Longitudinal metabolomic studies have confirmed impacts of age and sex on metabolite profiles. A total of 2344 plasma samples in fasting patients from the longitudinal Wisconsin Registry for Alzheimer’s Prevention (WRAP) study were analyzed from 1212 participants initially free of Alzheimer’s disease at enrollment. After corrections for multiple testing, 56.8% of measured metabolites were associated with age and 63.4% with sex. Genome-wide screening to evaluate the role of hereditary factors on metabolite profiles demonstrated significant influence by a complex combination of genomic and environmental factors [36,37,38,39]. A cross-sectional study evaluating associations between the human lipidome and age enrolled 100 subjects with an apolipoprotein E (APOE) E3/E3 genotype aged 56–100 years. After rigorous statistical analysis, a strong negative association between age and lipid levels was observed that predominated in male compared to female subjects [36]. Sex and age-related differences were also found in a study of elderly subjects with pre-frailty sub-phenotypes [38]. Further, metabolomic analysis has been used to investigate gait speed in the Baltimore Longitudinal Study of Aging (BLSA). Baseline and follow-up measurements were from 504 adults aged 50 or older over a median follow-up of 50.5 months. Plasma metabolites were measured by targeted mass spectrometry using a commercially available metabolomics kit (Absolute IDQ p180 Kit, Biocrates). Low plasma levels of LPC 18:2 was an independent predictor of decline in gait speed in older adults [38]. LPC 18:2 is associated with impaired glucose tolerance, insulin resistance, type 2 diabetes, coronary artery disease, and memory impairment.

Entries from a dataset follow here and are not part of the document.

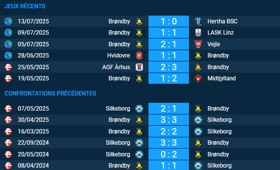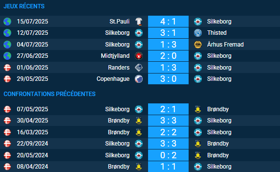 Le dernier duel officiel a eu lieu il y a deux mois et s’est soldé par la victoire de Silkeborg 2-1. Les statistiques étaient très équilibrées : possession de balle 50 %, corners 4 contre 5 et tirs cadrés 3 pour Brøndby contre 5 pour Silkeborg.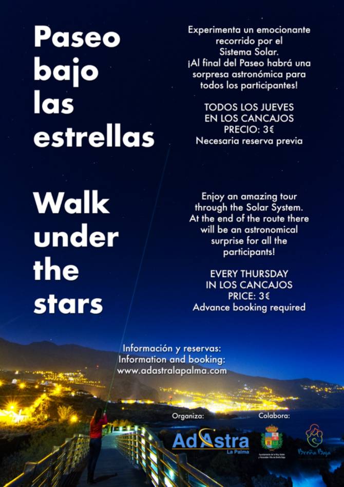 En Los Cancajos, todos los jueves, Ad Astra La Palma organiza la actividad de astroturismo “Paseo bajo las estrellas”, con la colaboración del Ayuntamiento de Breña Baja.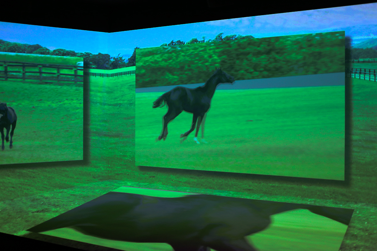 奥の「ライヴシアター Thoroughbred」は、4面スクリーンと5.1chサラウンドによる、劇場型アトラクション。壮絶なデッドヒートとなった第83回日本ダービーの映像は、映像と音に包み込まれる大迫力です。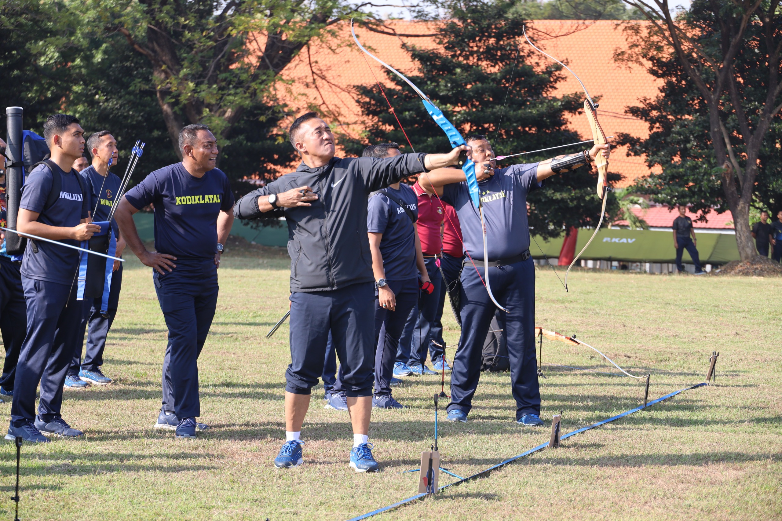 Meganews.co.id, Surabaya – Untuk membangun keakraban antar Satuan Kerja (Satker) dan menyalurkan bakat memanah, Komandan Kodiklatal (Dankodiklatal) Letjen TNI Marinir Nur Alamsyah didampingi Ketua Gabungan Jalasenastri Kodiklatal Ny. Ayu Nur Alamsyah mengajak seluruh keluarga besar Kodiklatal mengikuti Olah Raga Bersama dan Fun Archery Dankodiklatal Cup Tahun 2024, bertempat di Lapangan Apel Usman Harun, Mako Kodikmar Kodiklatal, Gunungsari Surabaya. Jum’at (07/06/24).

These meticulous studies (Table 1) make the critical link between demographic characteristics and phenotyping by omics protocols.

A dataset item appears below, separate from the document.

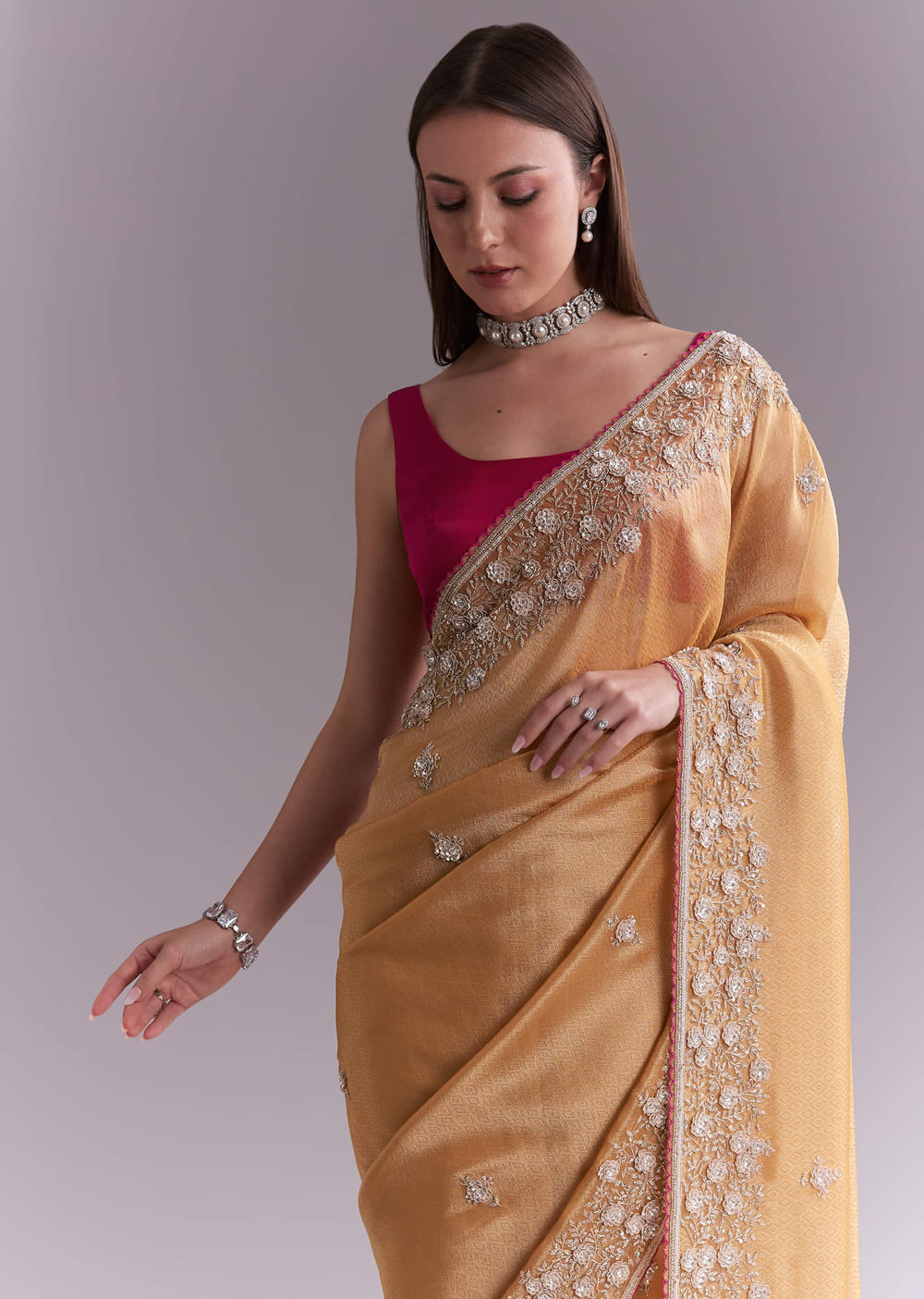 If you want colour that photographs beautifully, this orange tissue saree gives instant lift with intricate craft. A heavy contrast cutwork border frames floral embroidery, while butti across the body is enriched with cutdana, sequins, beads and stones, paired with an embroidered contrast blouse fabric. You feel luminous at Haldi, Mehendi and Engagement functions. Awarded as the Most Trusted Brand, we're delivering styles you love, just as promised.

Although animal models permit strict control over the study population and environmental conditions, demographic variation persists. Despite controlled genetics, age, sex, feeding, and environmental conditions among animals in the same cohort, variation in metabolite levels is commonly observed and must be addressed through increased sample size as in human studies. One design consideration to overcome these limitations of metabolomics is to recruit demographically balanced cohorts, a strategy of importance to longitudinal studies of difficult diseases like Alzheimer’s (AD). If demographically balanced cohorts are not possible, exclusion of metabolite markers for biomarker assessment that correlate with demographics should be removed for further development. Serum-based liver function markers and cerebrospinal fluid (CSF) biomarkers were measured during 8 consecutive years in a longitudinal study of 1581 AD participants. Associations of liver function markers with AD were assessed using generalized linear models adjusted for confounding variables and multiple comparisons. Although liver function had the most intriguing association with AD [40], liver function also was most strongly associated with the plasma metabolite profile among healthy subjects [34]. Integrating analyses of genomics, longitudinal metabolomics, and Alzheimer’s risk factors in 1111 cohort participants revealed that changes in CSF metabolite levels explained more than 60% of variance in CSF levels of tau, a detrimental protein that accumulates in the brain of AD patients and is necessary for diagnosis [40].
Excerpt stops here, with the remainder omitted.